5. WEEKLY REVIEW ROUTINE Once a week, spend a few minutes reviewing: Food:
- How many days followed the basic pattern.
- Which meals caused the strongest cravings or spikes.
- One small food change for the coming week.
Movement:
- How many days included walks after meals.
- How many strength sessions were done.
- Any joint or pain issues that need attention.
Sleep and stress:
- Bedtime and wake time consistency.
- Nights of good sleep vs disturbed sleep.
- Stress level and main sources of stress.
Glucose and health markers:
- General trend in fasting and postmeal glucose.
- Any episodes of very high or very low readings.
- Weight or waist changes if tracked.
Emotional state:
- Energy levels.
- Mood stability.
- Feelings of control or overwhelm.
Choose one or two small adjustments for the next week rather than trying to change everything at once. EXAMPLE OF A 7-DAY APPLICATION Day 1–2:
- Remove sugary drinks.
- Add walking after dinner.
- Begin simple breathing practice at night.
Day 3–4:
- Ensure vegetables at every main meal.
- Reduce white bread, pastries, and sweets.

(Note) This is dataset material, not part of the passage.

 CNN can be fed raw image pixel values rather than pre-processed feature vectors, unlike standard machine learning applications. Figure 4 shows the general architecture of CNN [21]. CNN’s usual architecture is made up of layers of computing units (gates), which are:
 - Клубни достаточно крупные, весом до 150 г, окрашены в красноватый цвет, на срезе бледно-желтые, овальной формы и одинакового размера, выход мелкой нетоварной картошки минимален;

- Continue walks and breathing.
Day 5–7:
- Make dinner lighter and earlier.
- Add one more strength session.
- Review glucose and energy changes.
After the first week:
- Keep the habits that felt easiest and most helpful.
- Add new layers slowly, such as increased fibre, more consistent breakfast, or extended walking.

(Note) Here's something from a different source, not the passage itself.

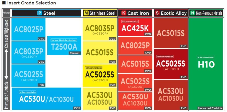 | Druh obráběného materiálu | Nerez, Žárupevná slitina |
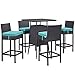 Convene Collection EEI-1963-EXP-TRQ-SET 5 PC Outdoor Patio Pub Set with 4 Bar Stools, Square Glass Top Table, Powder Coated Aluminum Frame and Synthetic Rattan Weave Materials in Espresso and Turquoise Color

PERSONALISATION Every person is different. Personalisation may include:
- Adjusting carbohydrate portions based on glucose response and physical activity.

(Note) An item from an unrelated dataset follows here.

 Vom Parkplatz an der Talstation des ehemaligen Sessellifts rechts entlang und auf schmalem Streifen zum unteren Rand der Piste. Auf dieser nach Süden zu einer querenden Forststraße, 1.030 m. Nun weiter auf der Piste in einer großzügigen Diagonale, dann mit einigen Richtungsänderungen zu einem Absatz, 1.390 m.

- Adapting meal timings to work or family schedules.
- Choosing culturally familiar foods that fit the same principles.
- Modifying movement choices according to physical ability and joint health.
- Tailoring targets and intensity with a healthcare professional.
KEY POINTS SUMMARISED
- A personal protocol combines food, movement, sleep, stress care, medication, and monitoring into a practical daily plan.
- The exact details can and should be adapted to each individual, but core principles remain similar.
- Simple, repeatable habits form the backbone of long term success.
- Weekly review and gentle adjustment keep the protocol alive and responsive to real life.
- The aim is not a strict, temporary program, but a supportive lifestyle that makes Type 2 Diabetes more predictable, stable, and manageable over time.
This example protocol can be used as a base for creating individualised plans guided by personal measurements, preferences, and professional medical advice.